Holokost'un öncüsü olarak anti-Semitizm
Yahudi halkının akıl dışı nefreti yüzyıllardır ülkede kök salmıştır. Bu nefretin kaynakları, ilk Hıristiyan rahiplerin savaşçı etkisine maruz kalan yoğun kalabalıklarda ve çok daha fazlasında bulunabilir. Bu nefret uzun zamandır genel olarak yabancılara karşı bir tutum arketipidir ve özellikle herkes gibi değil. Bu nedenle, herhangi bir özel Alman anti-Semitizmi hakkında konuşmaya gerek yoktur. Mesih'in doğumundan bu yana yüzyılların herhangi birinde birçok kez, burada ve orada, karanlıktan ortaya çıktı ve şimdi ortaya çıkıyor, şimdi ulusun saflığı için savaşçıların fizyognomisinin öfkesi ile kısır: İspanyol, Amerikan, Rus, Ukraynalı, Lehçe, Macarca, Litvanyalı, Arap İslamcıları ve onlara numaralar getir. Kritik kütleleri biriktiğinde, pogromları beklemek Yahudi halkı için bir rutin haline gelir.
Birinci Dünya Savaşı'ndan sonra ve İkinci Dünya Savaşı'ndan önce, Alman Yahudileri için anti-Semitizm zili, zaman zaman dayanılmaz bir şekilde yüksek sesle geliyordu.

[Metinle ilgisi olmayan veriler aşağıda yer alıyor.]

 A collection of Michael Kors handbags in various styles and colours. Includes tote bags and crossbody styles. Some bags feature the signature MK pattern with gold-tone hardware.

Ancak tüm insanlık tarihi için dönüm noktası - 30 Ocak 1933 - Başkan Hindenburg'un Hitler'i Almanya Şansölyesi olarak atadığı gün neredeyse onlar için fark edilmedi.

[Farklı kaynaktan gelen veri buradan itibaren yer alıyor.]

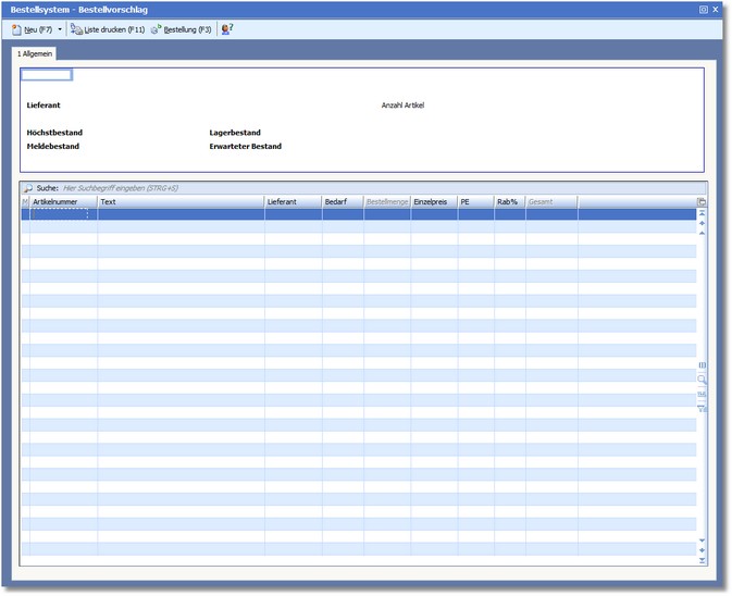 Das Programm öffnet eine leere Bestellvorschlagstabelle.

Bununla birlikte, Hitler’in Yahudileri medeni haklarından mahrum bırakan Nuremberg ırk yasalarını ve Kristallnacht'ın güzel adı altındaki katliamı başlattı, hala kaçınılmaz olarak insanlığa ve sağduyuya inananların çoğunu ayıkladı.
Öyleyse, neden Alman Yahudileri hala mümkün olduğu sürece “vahşileşmiş ülkeyi” büyük ölçüde terk etmediler? Bunun bir takım nedenleri de vardır.

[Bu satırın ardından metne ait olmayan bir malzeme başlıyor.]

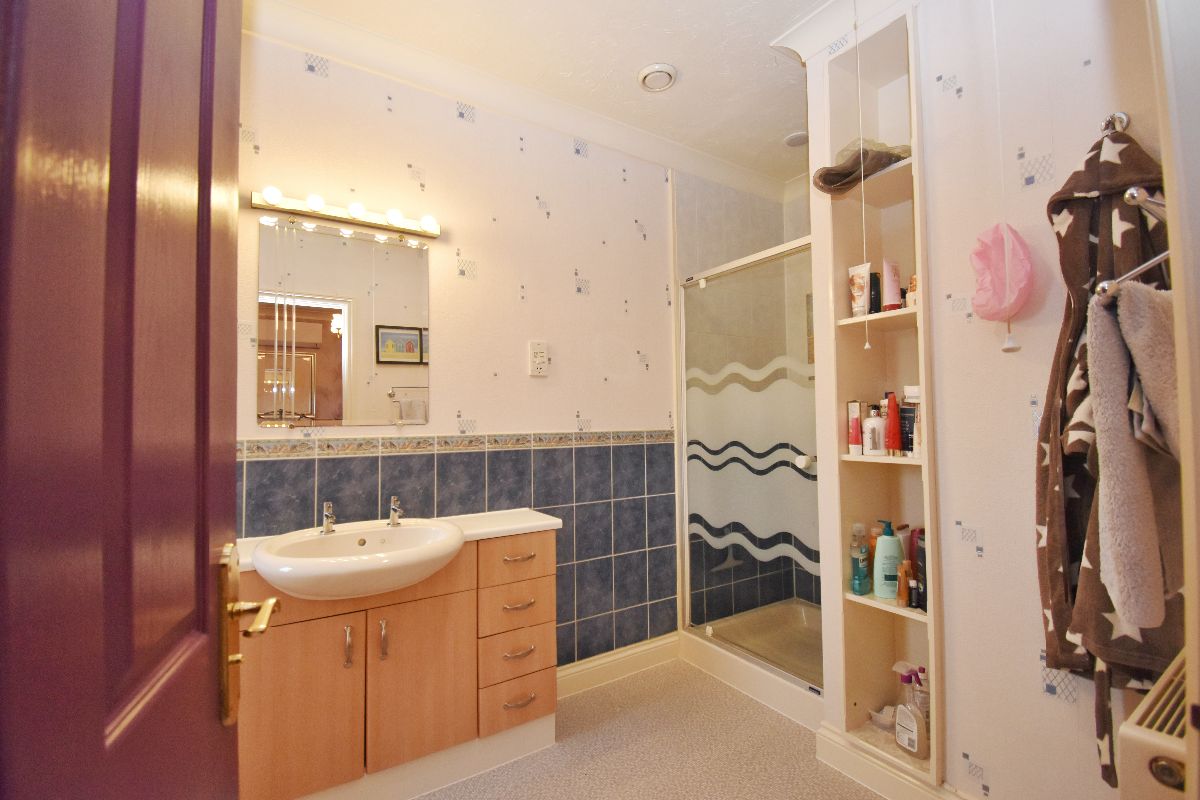 En-suite: Large shower cubicle, WC and wash basin with vanity unit. Window to rear aspect.

Yeni Alman hükümeti Yahudileri titizlikle ülke dışına sıkıştırdı, ama aynı zamanda “hiçbir şey için” gitmelerine izin verme niyetinde değildi. Herkesin karşılayamayacağı ve ödeyemeyeceği her türlü bürokratik engel düzenlendi. Çoğu zaman sıradan filistin adaptasyonunu, en iyisi için mantıksız umudu ve sosyal durumlarının hala sarsılmaz olduğu rasyonel inancını çözebilenler. Metodik olarak düzenlenmiş gettoların ve toplama kamplarının ilk yerleşimcileri olan ve Holokost'un ilk kurbanları olan Almanya ve Avusturya'da kalan Yahudilerdi.
Ekonomik nedenler
Birinci Dünya Savaşı'nın sonunda, Almanya en derin depresyon ve ekonomik kriz içindeydi. Yahudi soyadlarına sahip zengin ve başarılı bir vatandaş katmanının varlığında.
Goebbels tarafından formüle edilen sürekli ve gittikçe artan bir varlık sevinci ve ulusal birlik kavramı, acilen evrensel bir yaşam tatili ve ülke için tek bir düşman düzenleyecek finans bulmak için acilen ihtiyaç duyuyordu.
Goebbels tarafından seçilen karar, bazı Rus siyaset bilimcilerinin inandığı gibi, deha basitti: düşman, yakın ve kavramsal olarak korkunç olan Yahudiler'e atandı. Böyle bir düşmanın atanmasından sonra, İsviçre hazinelerinde devlet hazinesini ve Nazi elitinin kişisel hesaplarını yenilemek sorunu kendi başına kararlaştırıldı. Hiç kimse karmaşık çözümler aramıyor ya da talep etmiyordu.
Haklarından mahrum bırakılmış Yahudi nüfusu arasında önemli fonların, banka mevduatlarının, mülklerin, mücevherlerin, işletmelerin, mağazaların, çiftliklerin vb. - geniş gün ışığında yasallaştırılmış soygun, ayrıca devasa bir gasp ölçeğinde - yurtdışına seyahat eden çiftçiler Alman ekonomisini son derece düzeltti. Ve sadık “safkan Aryanlar” yukarıdakilerin tümünü pratik olarak aldı ve yokluktan “kaybolduktan” sonra kalan hiçbir şey için.